2011-11-30 Thread Alejandro Comisario

Hi guys.
When we have any kind of trouble, we hit the logs right away, and when 
we see the stacks, what i want to do is to copy  paste the error, and 
wait for the search engine to do its job, since at this point i 
consider myself a user, so, i try to think like one, and most of the 
time what i want, is not to ask for a problem, but to see if someone 
already has it.


Today i think there are enough data on launchpad to solve, or al least, 
give a very accurate hint about 90% of the problem a user may face 
(nova, swift, glance, maybe keystone) when they are stuck, but some 
times the search are not accurate enough for a search regarding an issue 
i know its there. so ... maybe i ended up using google search to look 
into lauchpad.


So ... first, launchpad works pretty well as a QA site for openstack 
projects, but at least, i feel theres no a good way to show all the 
experience is stored there to a fresh user, so a more than good search 
engine i think is a must, mainly because having lack of resources for 
showing an answer that is already solved to a user, lead to the user to, 
90% of the time, duplicate a question, and so .. a lot of admin work ( 
maybe deleting those, or teling the user it was already answered on THIS 
link), or the feeling of the QA system to be forsaken because of the 
amount of questions unsolved.


A forum is more than ok also, because it gives the feeling of community 
and unity where the user feels confortable, but mixing that with a QA 
system, its a little difficult.


Making posts promoted to FAQS or post becoming GUIDES and going into the 
FAQS, and the search engine suggesting something like Ok, if you didnt 
find your answer, maybe you are having troubles because of an 
implementation or a setup problem, why dont you go to the IMPLEMENTATION 
AND MOST IMPORTANT GUIDES to see if you can improve that and fix your 
real problem ?? is a nice to have, make the user confortable that they 
can find what they need, whitout asking for it ... in wich case, they 
actually can.


As a last note, from mercadolibre since we have a lot already tested, 
and working into production ( nova clusters, nova volumes, keystone, 
swift, glance ) we can really share our experience in the form of THE 
DEFINITVE GUIDE TO ... or something that, maybe doesnt actually fix a 
certain user problem, but helps them understand how things gets 
configured, and actually how they work 2gether, we can really help on 
this, but i think this guides need to be put in a place where the user 
actually knows they exists, and no like just one post on the forum, or a 
question on launchpad.


The official documentation is a great starting point, its has been 
greatly improved and we've always used it every time we tried a new 
openstack part of the solution, so .. nicely done there Anne.

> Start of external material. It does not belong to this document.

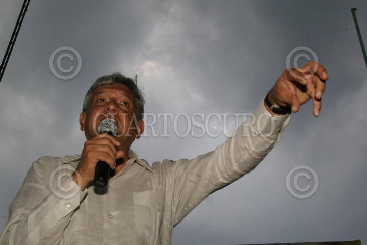 TEAPA, TABASCO, 11OCTUBRE2006.- El candidato a la gubernatura de la Coalición Por el Bien de Todos; Cesar Raúl Ojeda Zubieta realizó esta tarde el cierre de su campaña, en donde estuvo acompañado por Andrés Manuel López Obrador en las comunidades de Galeana, Juan Aldama y la cabecera Municipal. Con estos actos de campaña se acaban los proselitismos permitidos por las autoridades electorales. FOTO: MARCO POLO GUZMÁN HERN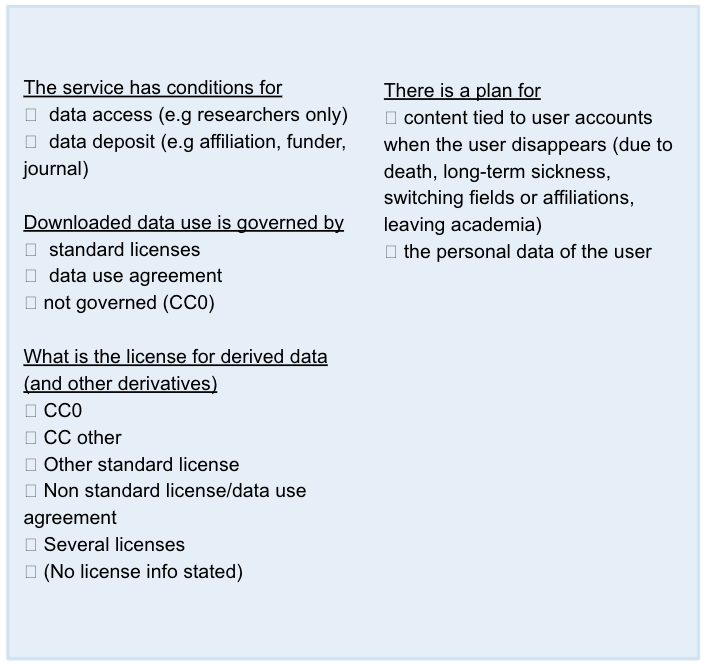 It is essential that a service uses appropriate licensing. Licensing conditions of uploading data to the platform, or reusing data within the platform, need to be clearly and transparently articulated.

hope this gives a little user perspective.

---
Alejandro
mercadolibre.com

On 11/30/2011 06:39 AM, Leandro Reox wrote:
I think that the main problem is that we have many places to search 
for information, but a few people giving helpful answers. A lot of 
newcomers join the forum but particular setups problems sometimes 
leads to packaging problems, bugs and we as moderators have to 
redirect the user to re-post his problem on launchpad, starting over. 
I think that we have to split packaging and developing questions vs 
implementations doubts, concept misunderstanding, etc. The main reason 
of people dropping Openstack on pre-production or testing environments 
its cause they aren't even mid experienced python developers, and they 
cant find a solution in a matter of time that they experience with 
the product leaves them a good taste to invest more time trying to 
implement it later. I read a lot of that's and end-user question, 
etc don't you guys forget that actually the end-users are Companies 
sysadmins maybe trying to deliver an real IaaS based on an Opensource 
product like Openstack. We have a huge Openstack implementation using 
almost every core product, and our environment is growing everyday 
faster than we expected, but when we approach to implement a new 
service, or integrate for example Keystone with Swift or Nova, we 
fought for days, fixing a lot of code and ended-up on a packaging 
problem, cloning the Cloudbuilders repo were the code was already 
fixed. That sensation to cross up docs, and blogs, and examples, and 
launchap question to get just to a test env, ends on companies leaving 
Openstack as a possible solution. We're pretty comfortable at python 
so we love to face issues like this, but imagine a sysadmin reading 
the docs, following line but line ending up with a non-working 
environment asking himself why he did wrong, and maybe a magic oh you 
have to chmod all this folder was missing on the docs.
docs.openstack.org http://docs.openstack.org must be the bible for 
users that want to try openstack out, the forums and the IRC to help 
final users out, and launchpad for issuing bugs, we need to 

Re: [Openstack] Cloud Computing StackExchange site proposal

2011-11-30 Thread Stefano Maffulli
On Wed, 2011-11-30 at 10:26 -0300, Alejandro Comisario wrote:
 Today i think there are enough data on launchpad to solve, 

When you say 'enough data in launchpad' what do you mean exactly?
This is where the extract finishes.